As the newly appointed mayor in a town where both the AfD and the centre-right CDU received a bigger vote share in last year’s elections than his own party, Social Democrat Frank Balzer doesn’t have an easy job.

Yet his appeal is not so surprising. He worked at the steel works before getting into politics, and jobs and the economy are his top priorities. He wants to halt the population drain by securing old jobs and creating new ones: increasing training opportunities, developing tourism and expanding internet connection were all points on his manifesto. His vision, he says, is to create a new “zeitgeist”: to get people communicating and understanding each other again. And yes, he says, people voted AfD here: “But almost 80% didn’t.”

At the tourist office on the high street, they work to sell what is unique about the town. Yet perhaps what makes it so interesting today is what makes it unexceptional. “In East Germany capitalism destroyed more than real-existing socialism did,” argues Ludwig. “West German politicians promised better times that didn’t come - both economically and socially.” He draws parallels to de-industrialized areas of Britain and the Brexit vote - a parallel that can no doubt be stretched to what is happening in many pockets of developed countries today.

Photo: Holly Young

Long-time resident Kirchhoff has seen the impact of both socialism and capitalism in Eisenhüttenstadt. Indeed the ebbs and flows of the last century of Germany’s history are inked in his personal biography: a father who fought at Stalingrad, a childhood spent in a city named after Stalin and a career with the CDU after the wall fell. He’s content with the life he made here: “I have everything I need.”

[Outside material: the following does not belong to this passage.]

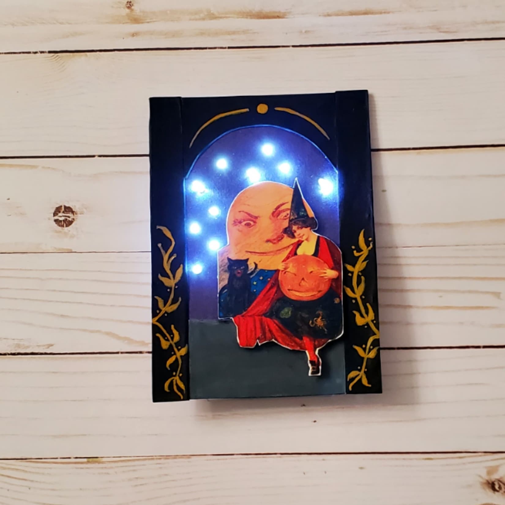 How clever to add lights! The expression on the moon and cat are wicked!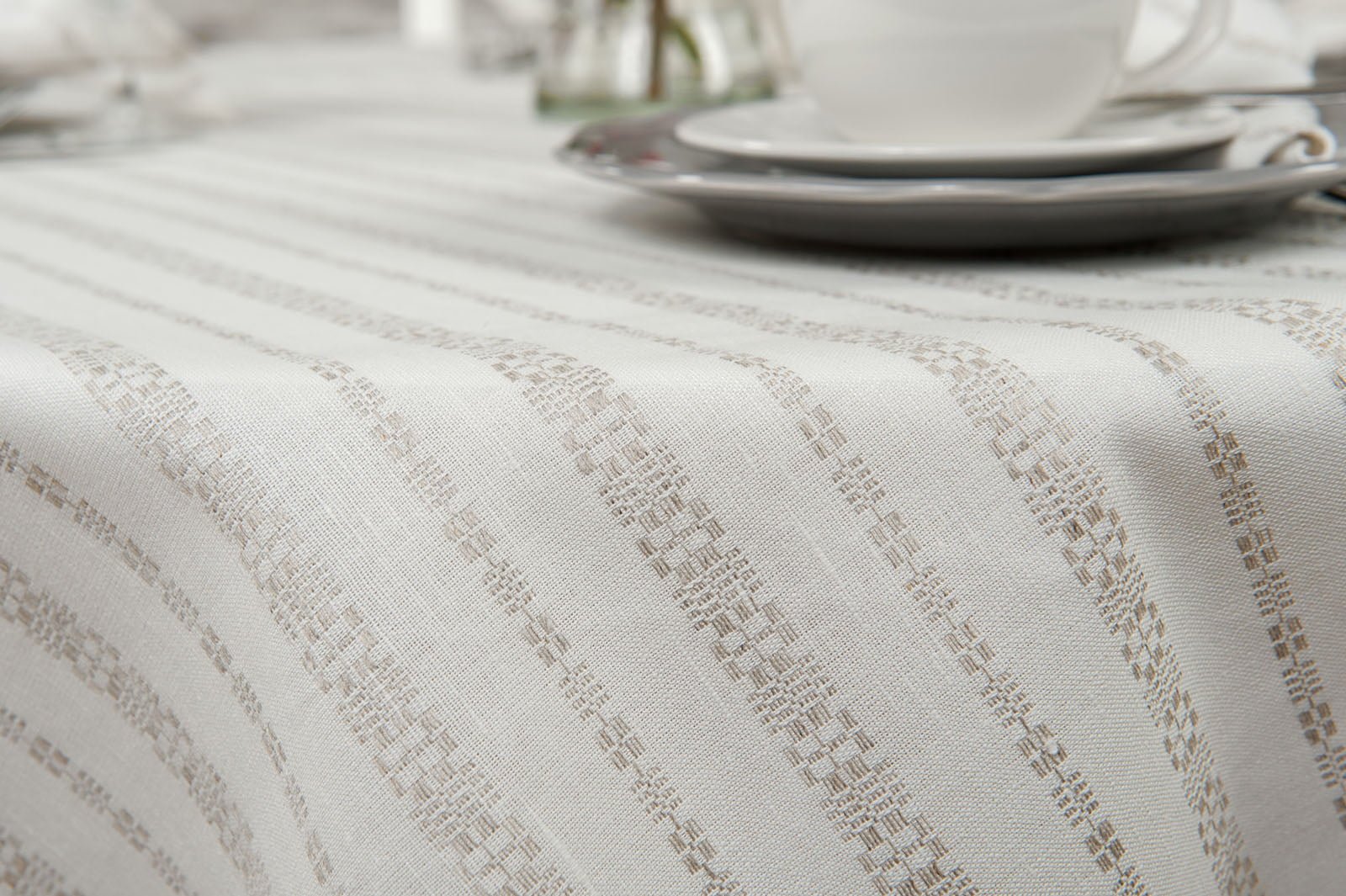 Apvali (Galite rinktis ir ovalios formos.) staltiesė su pilkais dryžiais, austais subtiliu tautiniu raštu, ant pieno baltumo (gelsvai balto) pagrindo. Staltiesę įrėmina baltas kantelis. Internetinėje Lino Namų parduotuvėje rasite ir raštuotas derančias servetėles. Išskirtinėmis progomis suteikite savo stalo dekorui dailių tautinių akcentų!

Yet he laments that the city is ageing with him. “Before there were many more play parks,” he says. “Eisenhüttenstadt was full of young families. We used to have paddling pools in the middle of the estates: most of them have been filled in now.”

It’s easy to see the story of Eisenhüttenstadt as the classic rise and fall of a town: from the socialist parades to the right-wing protests, a place gone full circle in ideology and yet lacking any direction, and ultimately in terminal decline.

But this would be too neat. The steel work is more “compact” as the mayor puts it, and privatized, but it is not yet a rusty memorial to past grandeur. It is still the biggest employer in town. Kathrin at the tourist office believes the town’s image is improving. Hartmut at the museum has seen the heavy pessimism of the 90s lift. Alexander is open minded - he might move for work, he might not. With a better transport connection it’s not absurd to see the empty flats become occupied by commuters pushed out by the rising Berlin rents. There are messy threads of optimism. Eisenhüttenstadt was built to be bigger than the sum of its parts, and its next historical chapter is not a foregone conclusion.

Kirchhoff has seen it all in this town. Where does he see it in ten years?

He pauses. “It will be a smaller city. But it will be finer.”